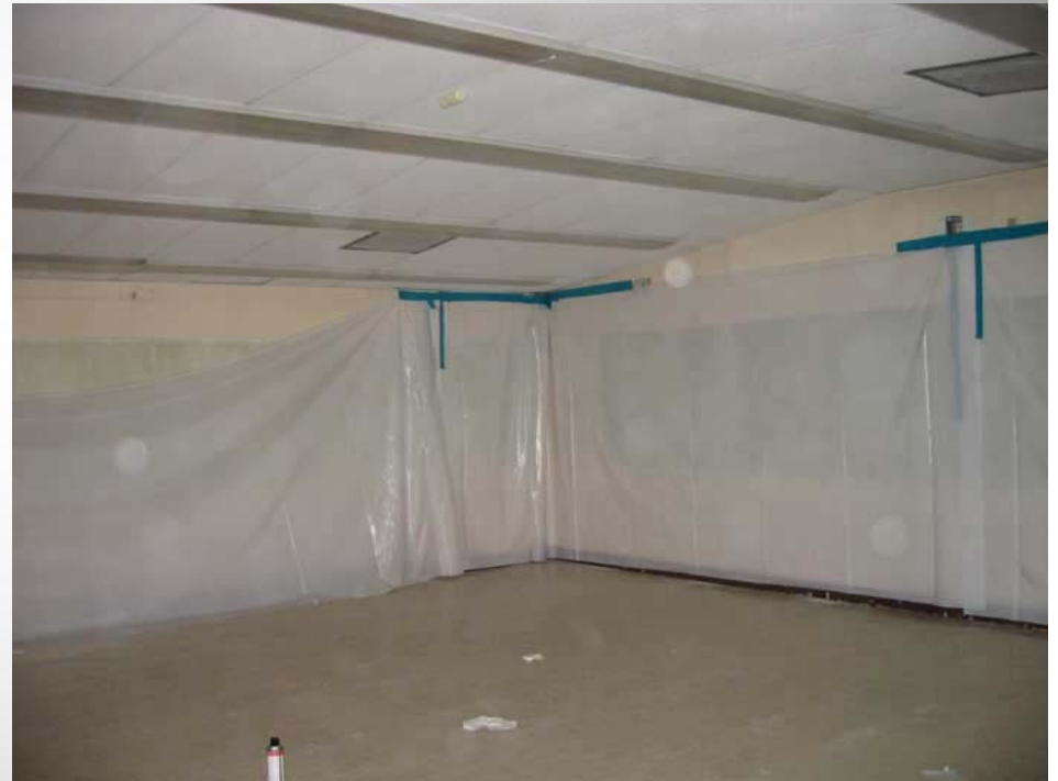
Grossmont High School Building 700
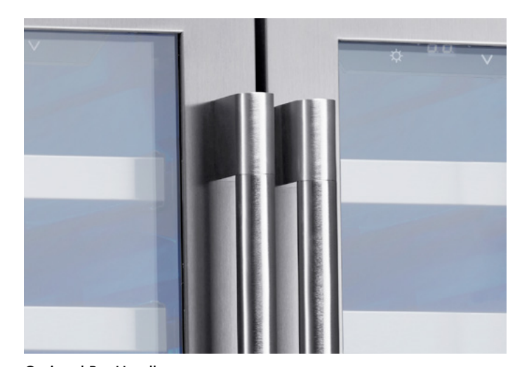
Optional Pro Handles
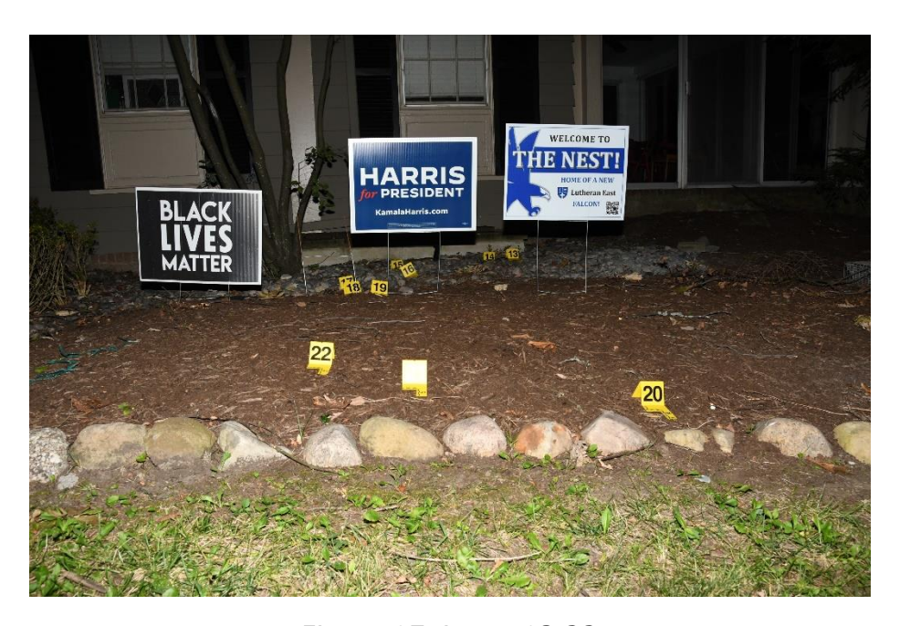
Figure 17, Items 13-22

2024-2614 Officer Involved Critical Incident - 1309 Yellowstone Rd., Cleveland Hts., Ohio 44121
+ + +
Except for the pictures, please retype the listing above exactly.

Grossmont High School Building 700
Optional Pro Handles
Figure 17, Items 13-22

2024-2614 Officer Involved Critical Incident - 1309 Yellowstone Rd., Cleveland Hts., Ohio 44121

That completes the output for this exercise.